Pasta with Spinach Pesto Sauce

INGREDIENTS

* 1 tablespoon minced garlic
* 16 ounces fresh spinach, washed & chopped
* 6 ounces low-fat, firm silken tofu
* 2 tablespoons fresh lemon juice
* 1/8 cup low-sodium chicken broth
* 1/2 cup grated Parmesan cheese
* 1/2 teaspoon ground black pepper
* 1/2 cup diced red onion
* 1 teaspoon Italian seasoning
* 10 ounces fresh mushrooms, thinly sliced
* 6 ounces fresh sliced shiitake mushrooms
* 1/4 cup bacon bits
* 1 pound penne pasta


DIRECTIONS

* Cook the pasta according to package directions.
* While pasta is cooking, in food processor or blender, combine spinach, tofu, lemon juice, garlic, broth, cheese, pepper, and Italian seasoning, process until smooth.

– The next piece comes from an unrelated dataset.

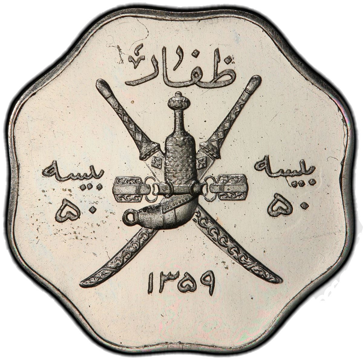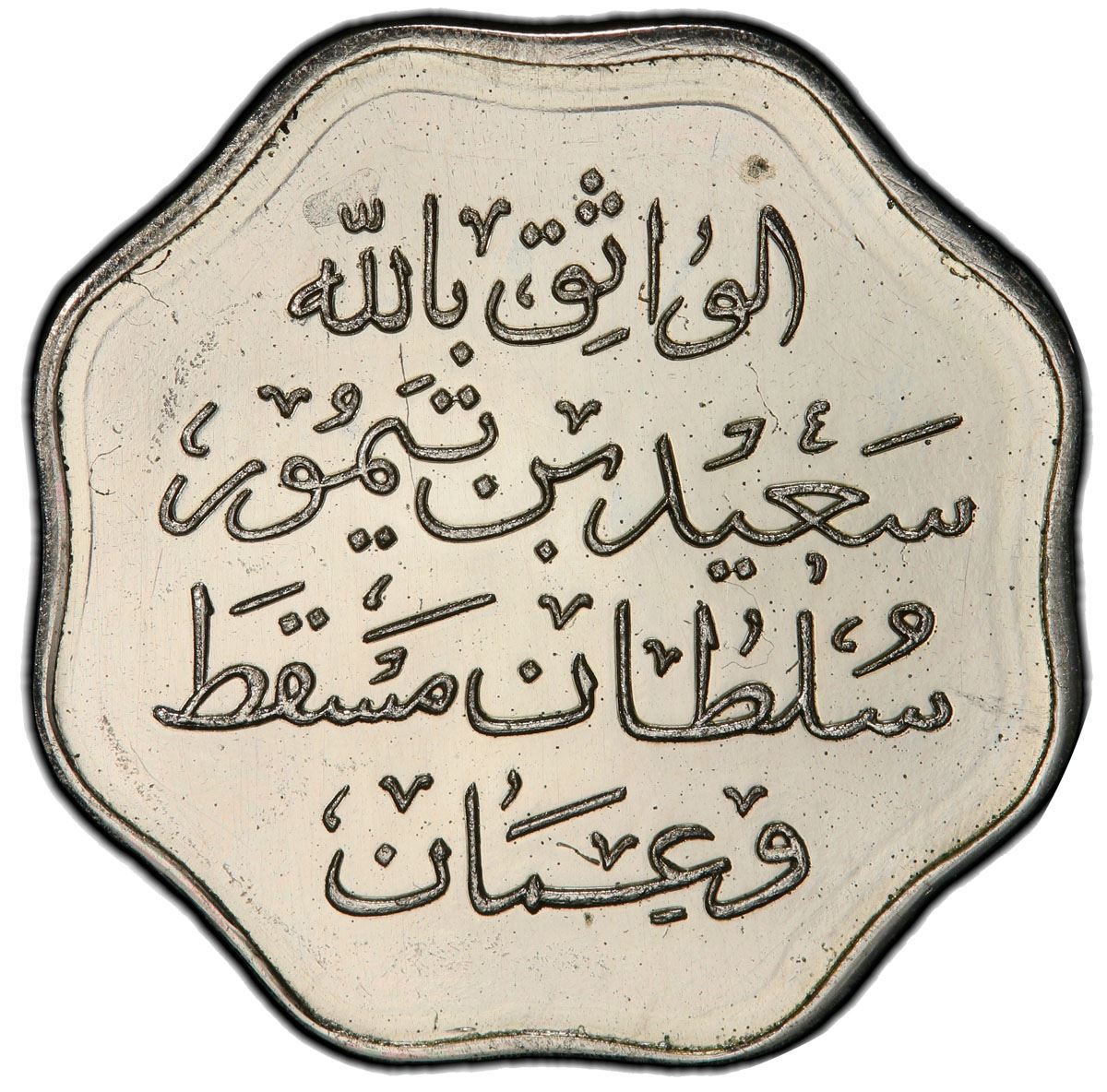 MUSCAT & OMAN: Sa 'ud b. Taimur, 1932-1970, 50 baisa, AH1359, KM-24, Bombay mint proof restrike, with original mint envelope labeled H.M. 's Mint (His Majesty 's Mint), PCGS graded Proof 64.

Set aside.
* Spray a large non-stick saute pan with cooking spray. Over medium heat, cook onions and mushrooms until tender. Reduce heat to low, add pesto mixture and heat until hot.
* Toss pasta with sauce &bacon bits. Serve with additional Parmesan cheese, if desired. Note that if sauce seems very thick, thin to desired consistency with pasta cooking water or broth.